Children's services leaders call for wholesale changes to Ofsted inspection system

Derren Hayes
Tuesday, March 31, 2015

The current Ofsted inspection system for children's services should be scrapped and replaced with a light-touch but better-targeted approach, children's services and local authority leaders say.

The current Ofsted inspection system is too onerous say children's services leaders
The current Ofsted inspection system is too onerous say children's services leaders

A joint policy paper published today by the Association of Directors of Children’s Services (ADCS), the Local Government Association (LGA) and council chief executive’s group Solace, recommends Ofsted’s single inspection framework is “stood down” because it is “no longer fit for purpose” as it fails to assess the involvement of other agencies and places too great a burden on departments.

Instead, the three organisations are calling for the introduction of unannounced inspections of “front-door” arrangements covering contact, referral and assessment procedures and systems. These could be done by a single inspectorate or on a multi-agency basis, they add.

Findings from these lighter-touch inspections would be included in a narrative report that describes whether practice meets required standards along with recommendations on how services could be improved.

Authorities where significant concerns were identified would be subject, along with other services working with children and young people, to a wider, multi-agency joint inspection, with a narrative judgment.

Such an approach would do away with the current four-tier Ofsted grading system, which assigns a single-word judgment to summarise a department’s performance. Since its introduction in November 2013, three-quarters of authorities inspected have had children’s services judged to be not good enough.

The organisations also want to see a “significant expansion” of thematic inspections focused on assessing performance across services for children and young people on a range of issues. This, they say, would become the “bedrock of improvement” and focus on issues all local areas struggle with such as tackling domestic violence.

It repeats the call made by the ADCS last year, and follows the announcement by Ofsted in February that it intends to carry out six multi-agency inspections targeted by area of practice or locality over the next 12 months.

Alan Wood, president of ADCS, said: “The UK has one of the safest child protection systems in the developed world yet the single inspection framework results to date do not reflect this reality. The ADCS believes this is because the current framework does not get to the heart of how well services are working, and, with a single-worded judgment it tells a partial and excessively negative story, which runs the risk of weakening the very services it seeks to improve.
 
“A new regime is needed, one that takes into account the input of all safeguarding partners and contributes much more positively to achieving better outcomes for children and young people. This must sit at the heart of inspection activity in the future, not institutional boundaries.”
 
David Simmonds, chairman of the LGA’s children and young people board, said: “There is a need for an urgent, back to basics review of Ofsted, as there are big question marks over the quality of judgments following what has happened in Rotherham and Birmingham, among other areas.

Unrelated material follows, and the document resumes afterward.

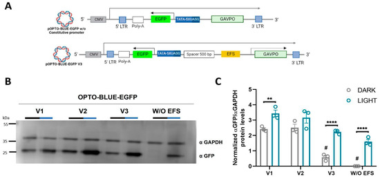 Blue light-mediated EGFP expression is induced by the different versions of the pOPTO-BLUE-EGFP (V1, V2, V3, and V2_W/O EFS) lentiviral vector in HEK293-T cells. (A) Schematic illustrations of the pOPTO-BLUE-EGFP lentiviral vector with a 500 bp spacer (pOPTO-BLUE-EGFP-V3_500bp) and another version of the pOPTO-BLUE-EGFP-V2 plasmid without constitutive EFS promoter (W/O) are shown. (B) Different versions of the pOPTO-BLUE-EGFP lentiviral vector (V1, V2, V3, and V2_W/O) were transfected into HEK293-T cells for 8 h. Then, one experimental group was kept in darkness, while another experimental group of cells was exposed to blue light for 16 h. Finally, a Western blot was performed to detect EGFP protein levels. GADPH was used as a loading control. (C) As indicated in the material and methods section, EGFP protein levels were quantified by densitometry. The intensity of EGFP bands was normalized with the intensity of GAPDH bands. Different asterisks (*) indicate significant differences between dark and light conditions, and pound sign (#) indicates significant differences between dark conditions with different plasmid versions. A two-way ANOVA test following Bonferroni’s post hoc test was performed (** p < 0.01 and **** p < 0.0001) (# p < 0.001).

“Keeping children safe is the most important thing that councils do, but we know we cannot do it alone. Protecting children does not fall only to councils, but to the police, health services, schools and local groups. Inspections must reflect this and ensure children are at the heart of what we do.
 
“We have long called for a scrutiny processes to adopt the same approach, so every organisation involved in child protection is examined during an inspection. This new framework would ensure inspection was proportionate and effective.”

An Ofsted spokesperson said: "We welcome the debate on inspections and are committed to working with the sector to further develop and improve inspection. As the position paper recognises, Ofsted announced earlier this year that it is to consult on the future of joint multi-agency inspections, and we will be working closely with these organisations on this important programme of work.”